# The Ganzfeld Effect - Trippy Hallucinations Without the LSD



## RJF

I wrote this thread, but I'm doing a copypasta from the Forum I originally posted it in. Figured that "Science" would be the most appropriate category. 

---

I haven't been able to fall asleep for over 48 hours. As such, I'm beginning to experience preliminary hallucinations of a sort. I stare at the computer screen, and it begins to fade out. Strange shapes and mists have been appearing out of the corner of my left eye. And most noticeably, I've begun experiencing an array of highly obnoxious, slightly disturbing auditory hallucinations. I hear cars passing by on the road when there clearly is nothing there. The sounds of machinery in the distsance keep me awake, yet they mysteriously and quickly disappear every time I open the curtain to peer out.

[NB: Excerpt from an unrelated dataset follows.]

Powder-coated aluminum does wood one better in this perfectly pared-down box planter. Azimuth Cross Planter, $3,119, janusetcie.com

Within the last few minutes, I've also begun hearing the roaring of a jet engine coming from somewhere within my computer monitor. 

With all of this hallucinating, it's only natural that I'd do a Google search to find out exactly what's going on, how long it's liable to last, and how severe the hallucinations will become. 

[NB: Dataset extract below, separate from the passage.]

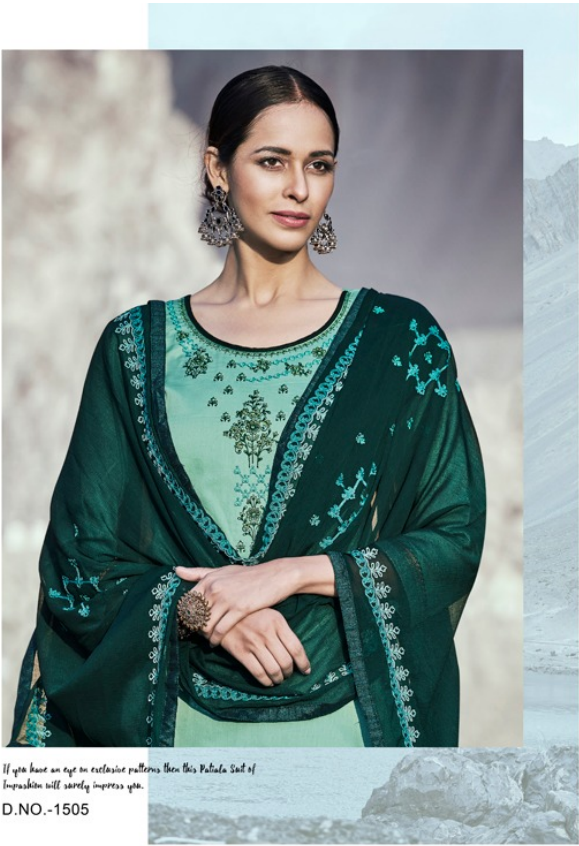
If you have an eye for exclusive patterns then this Palazzo Suit of Impression will surely impress you.

Somewhere along the path of exploration, I discovered several articles and passages related to a peculiar phenomenon known as the "Ganzfeld Effect" - something that's been used quite frequently in parapsychological research, in regards to extra-sensory perception and telepathy. 

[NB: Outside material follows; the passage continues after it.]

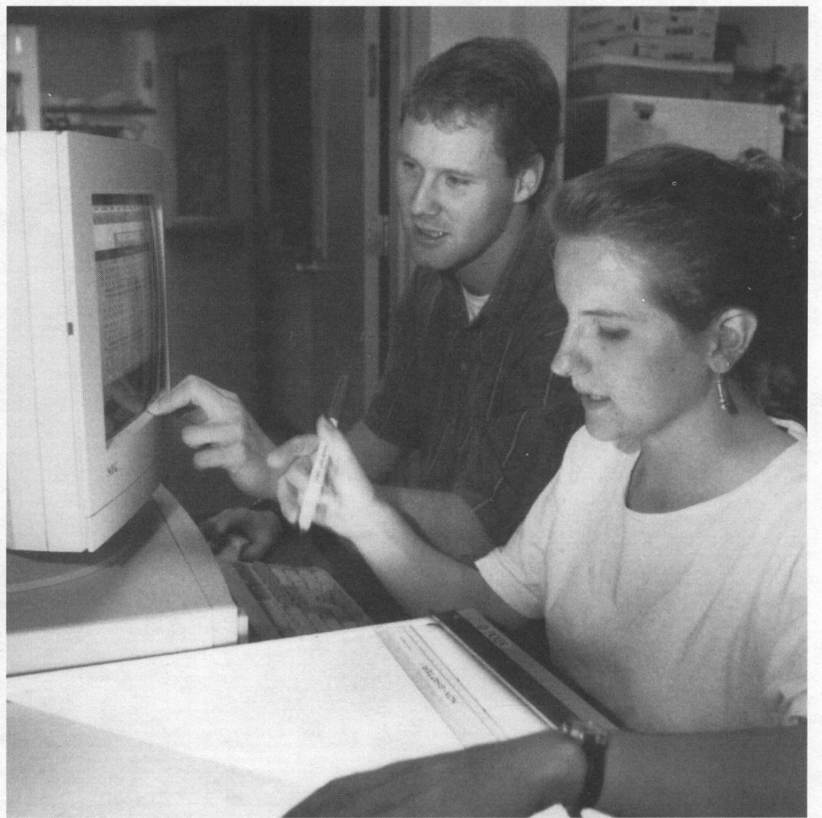
Graduate students and postdoctoral associates form very significant components of the Stony Brook community.

• A committee of faculty and graduate students should create and implement a strategic plan to increase TA stipends to be competitive with other Research I universities.

I'll describe the experiment, and how it can be set up and performed on your own: 

- First things first, you need the right supplies! 
* Scissors
* Tape
* Pingpong balls
* Headset/MP3 headphones/radio/other means of audio input 
* A source of constant light, preferably red 

- Either tune your radio into static, or download a white noise file onto your MP3 player or computer. You'll be listening to this through the headphones - when I say headphones, I mean, like, Bose headphones, or the kind with the gel/plastic insulate that blocks out external noises. You shouldn't be able to hear much of anything from the "outside world". 

- Take a pingpong ball and cut it in half. Please one half over each eyelid, taping it in place. Make sure you don't do anything retarded, like use duct tape. 

- Turn on the white noise, and stare off into the distance - or, as fate would have it, at the back of the white things taped to your eyes. You should be looking at the light source. 

- By creating a setting in which sensory deprivation occurs, your brain begins to generate images and sounds from nothing. 

Results may vary, but many people report auditory, physical, and visual hallucinations within 15 minutes to one hour. These hallucinations can range from being totally ****ing creepy (hands reaching out for you, disturbing faces) to innocent and happy (unicorns and pink elephants) to seemingly random (sledding down a hill, hiking in the woods). They may be brief and sporadic, or in-depth and detailed. 

I'm going to try this later tonight, or tomorrow night. Hopefully I'll be able to fall asleep once I get back to my mom's house in a few hours. I shall report my results!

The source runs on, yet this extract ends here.